- **Brief**
Only the lines from the one containing "This type of" through the end of the data below are to be repeated, exactly as given, without pictures.

- **Data section**

··········

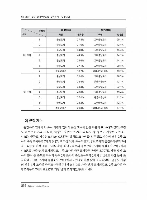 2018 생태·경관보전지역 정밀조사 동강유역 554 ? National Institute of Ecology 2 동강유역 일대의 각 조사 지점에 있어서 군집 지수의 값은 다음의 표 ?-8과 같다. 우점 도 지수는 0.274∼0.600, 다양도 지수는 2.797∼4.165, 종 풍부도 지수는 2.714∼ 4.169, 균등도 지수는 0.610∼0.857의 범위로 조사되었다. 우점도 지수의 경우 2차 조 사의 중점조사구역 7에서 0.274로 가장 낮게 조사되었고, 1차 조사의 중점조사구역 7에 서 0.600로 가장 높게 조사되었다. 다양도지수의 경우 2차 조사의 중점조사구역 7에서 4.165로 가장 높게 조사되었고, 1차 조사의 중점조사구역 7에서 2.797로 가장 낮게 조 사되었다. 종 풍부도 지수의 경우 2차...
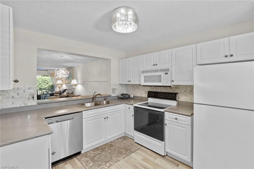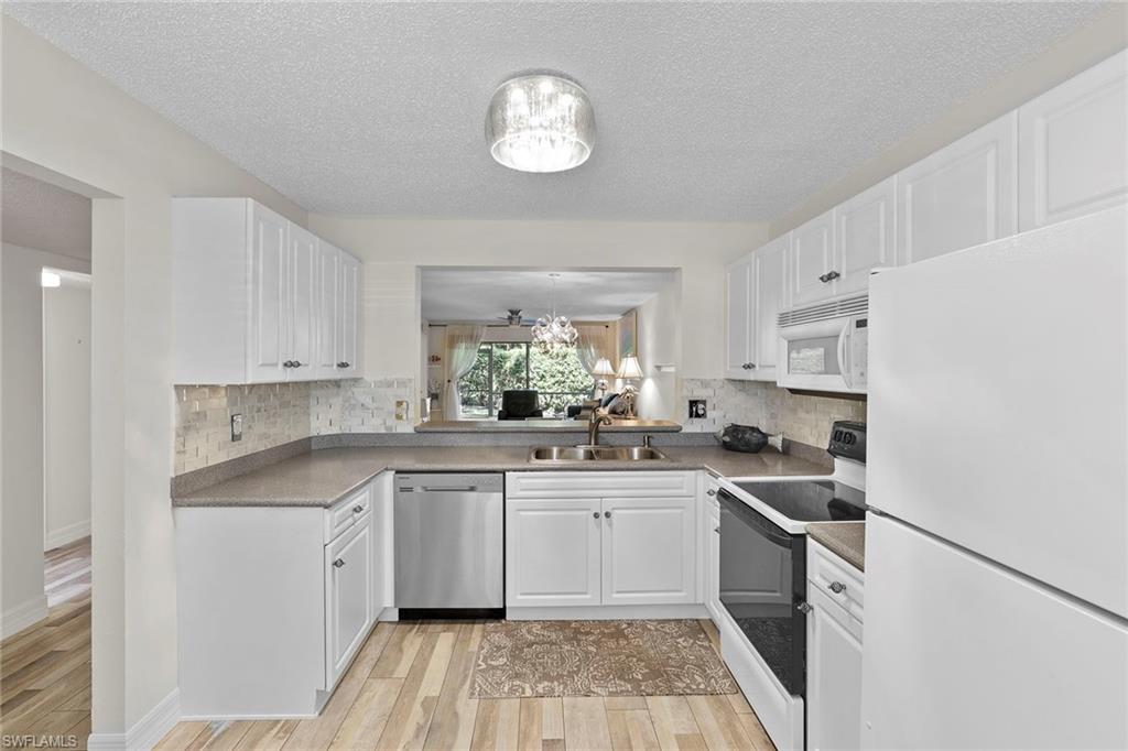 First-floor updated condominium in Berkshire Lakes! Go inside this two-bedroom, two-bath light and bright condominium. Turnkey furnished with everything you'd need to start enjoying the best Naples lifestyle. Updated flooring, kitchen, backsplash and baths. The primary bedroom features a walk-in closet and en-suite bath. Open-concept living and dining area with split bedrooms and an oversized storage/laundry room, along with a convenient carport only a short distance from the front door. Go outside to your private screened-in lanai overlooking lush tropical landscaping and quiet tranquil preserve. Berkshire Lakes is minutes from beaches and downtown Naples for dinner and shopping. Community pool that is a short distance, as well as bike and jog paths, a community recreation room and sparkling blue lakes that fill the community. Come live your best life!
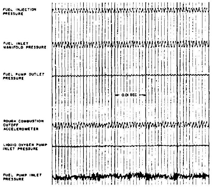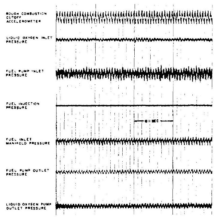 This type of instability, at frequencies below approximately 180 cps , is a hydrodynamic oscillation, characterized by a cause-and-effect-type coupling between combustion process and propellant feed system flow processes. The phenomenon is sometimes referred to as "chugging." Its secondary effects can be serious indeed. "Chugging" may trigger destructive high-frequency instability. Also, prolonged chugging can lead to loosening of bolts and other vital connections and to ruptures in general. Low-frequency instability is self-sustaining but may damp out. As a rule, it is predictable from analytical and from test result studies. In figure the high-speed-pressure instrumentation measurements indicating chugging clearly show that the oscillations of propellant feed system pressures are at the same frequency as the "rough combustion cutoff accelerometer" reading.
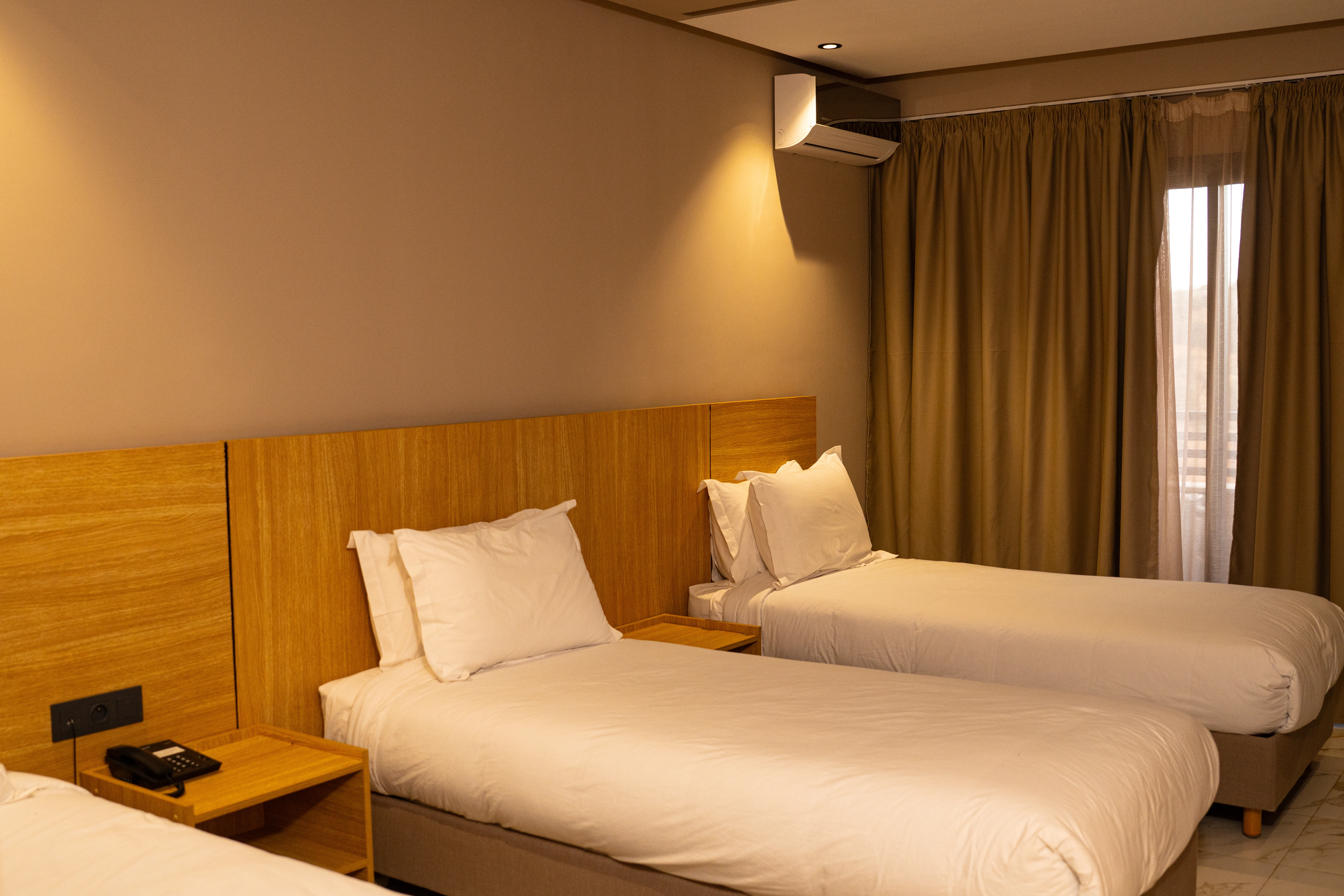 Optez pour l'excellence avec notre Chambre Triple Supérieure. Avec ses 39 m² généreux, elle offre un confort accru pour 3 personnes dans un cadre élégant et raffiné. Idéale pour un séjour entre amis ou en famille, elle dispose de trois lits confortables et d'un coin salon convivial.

··········

- **Result for this task**
 This type of instability, at frequencies below approximately 180 cps , is a hydrodynamic oscillation, characterized by a cause-and-effect-type coupling between combustion process and propellant feed system flow processes. The phenomenon is sometimes referred to as "chugging." Its secondary effects can be serious indeed. "Chugging" may trigger destructive high-frequency instability. Also, prolonged chugging can lead to loosening of bolts and other vital connections and to ruptures in general. Low-frequency instability is self-sustaining but may damp out. As a rule, it is predictable from analytical and from test result studies. In figure the high-speed-pressure instrumentation measurements indicating chugging clearly show that the oscillations of propellant feed system pressures are at the same frequency as the "rough combustion cutoff accelerometer" reading.
 Optez pour l'excellence avec notre Chambre Triple Supérieure. Avec ses 39 m² généreux, elle offre un confort accru pour 3 personnes dans un cadre élégant et raffiné. Idéale pour un séjour entre amis ou en famille, elle dispose de trois lits confortables et d'un coin salon convivial.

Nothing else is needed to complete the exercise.